We will continue our discussion into the second part of our trig introduction. We are going to cover solving trig equations. The motivation behind solving trig equations is to solve for the angle theta given the value of one of the six trig identities.

One element that sets solving trig equations apart from solving regular equations is the fact that unless specified, we will be solving for all relating angles within the unit circle. We will go through this concept on th whiteboard since it is something that is easier to grasp visually.

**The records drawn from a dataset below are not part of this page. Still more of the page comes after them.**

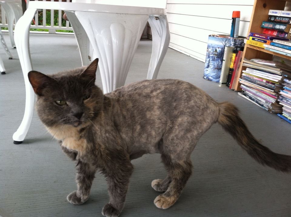 Fortunately, Kelley’s son Asher was on hand. Being about 4’3″ and 65 pounds, plus a natural cat whisperer, he quickly found the cats hiding in their respective corners, explained that nothing bad was going to happen, and soon had them in arms. The ladies took their shots like champs, and I grabbed Beth’s phone and took a few shots, too. Heh heh heh.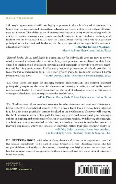 Beyond Books, Butts, and Buses: Ten Steps to Help Assistant Principals Become Effective Instructional Leaders is intended for ambitious future principals who recognize the importance of researching and preparing for that esteemed position. It contains ten steps that will lead those who are stuck in the duty world of books, butts, and buses to find ways to prepare for instructional leadership.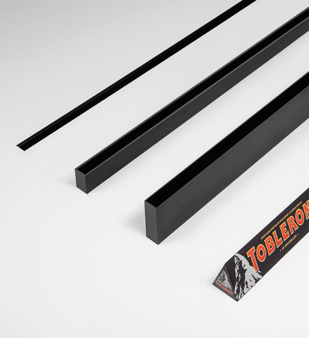 Versiunea trimless apare ca o linie minimalistă îngustă, în timp ce variantele aplicate și suspendate oferă un aspect sobru și discret.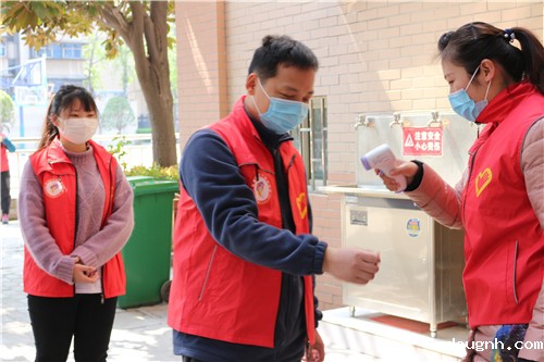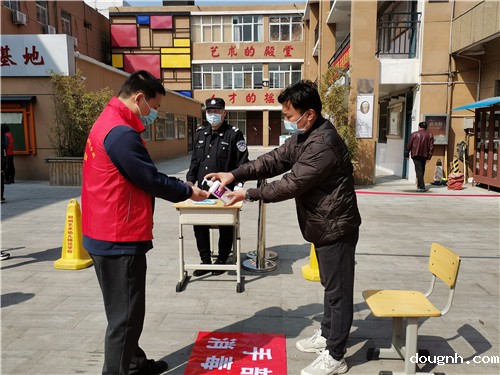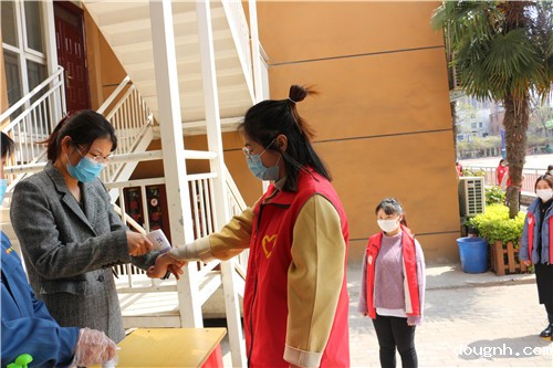 每个教室门口放置了非接触洗手器,任课老师协助班主任对学生进行体温检测并记录在册,体温正常的学生手部消毒后进入教室。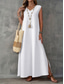 Damen Maxikleid A Linie Kleid Sommerkleid Lässig Täglich Lässiger Schnitt Einfach Ärmellos V Ausschnitt Schwarz Rote Blau Aprikose Sommer

Please see the full print out of the unit circle: https://github.com/vindication09/Data-Science-Mathematics/blob/master/unitcircle-letter.pdf

Note: When reading the coordinates on the unit circle, they are read as (x,y) which we know is (cosx,sinx)

lets solve a simple equation:

\[ sin(x)=\frac{1}{2} \]

We are trying to find the angle x, where sin(x) is 1/2. In other words, if you remember “soh” “cah” “toa”, we need to find the angle where the opp side of a triangle is 1 and the hyp is 2. From our unit circle, this occurs when the angle is 60 degrees, or in radians pi/6. Within the unit circle, this is not the first and only place where sin(x) takes the value of 1/2. When the angle is 300 degrees or 5pi/6 radians, the sinx value is also 1/2. What about angles greater than 360? theoretically we can keep going around and around the unit circle and have infinite solutions. Since we are not given a domain for our angle, we express the answer as:

\[ x=\frac{\pi}{6}+2k\pi \]

The way to read this answer is that k multiples of pi/6 is the solution set to sin(x)=1/2.

Lets try another 1.

Solve

\[ tan(x)=1 \]

We will need to call on our shorthand phrase to remember the relation of sides when it comes to tangent. Tangent is the ratio of sinx/cosx but when it comes to sides, tangent is opp over adjt. If we consult the unit circle, then we can identify where the ratio of sinx/cosx is 1. This only occurs when the angle is 45 degrees or pi/4. We express our answer as follows:

\[ x=\frac{\pi}{4}+k\pi \]

Any angles that is k multiples of pi/4 is a solution for tan(x)=1. Do you notice something different? Why was sin(x) 2kpi multiples but tangent is kpi multiples. This is because the trig functions have different periods. Before we solve anymore equations, period and amplitude is an essential concept to understanding the trig funtions and their behavior.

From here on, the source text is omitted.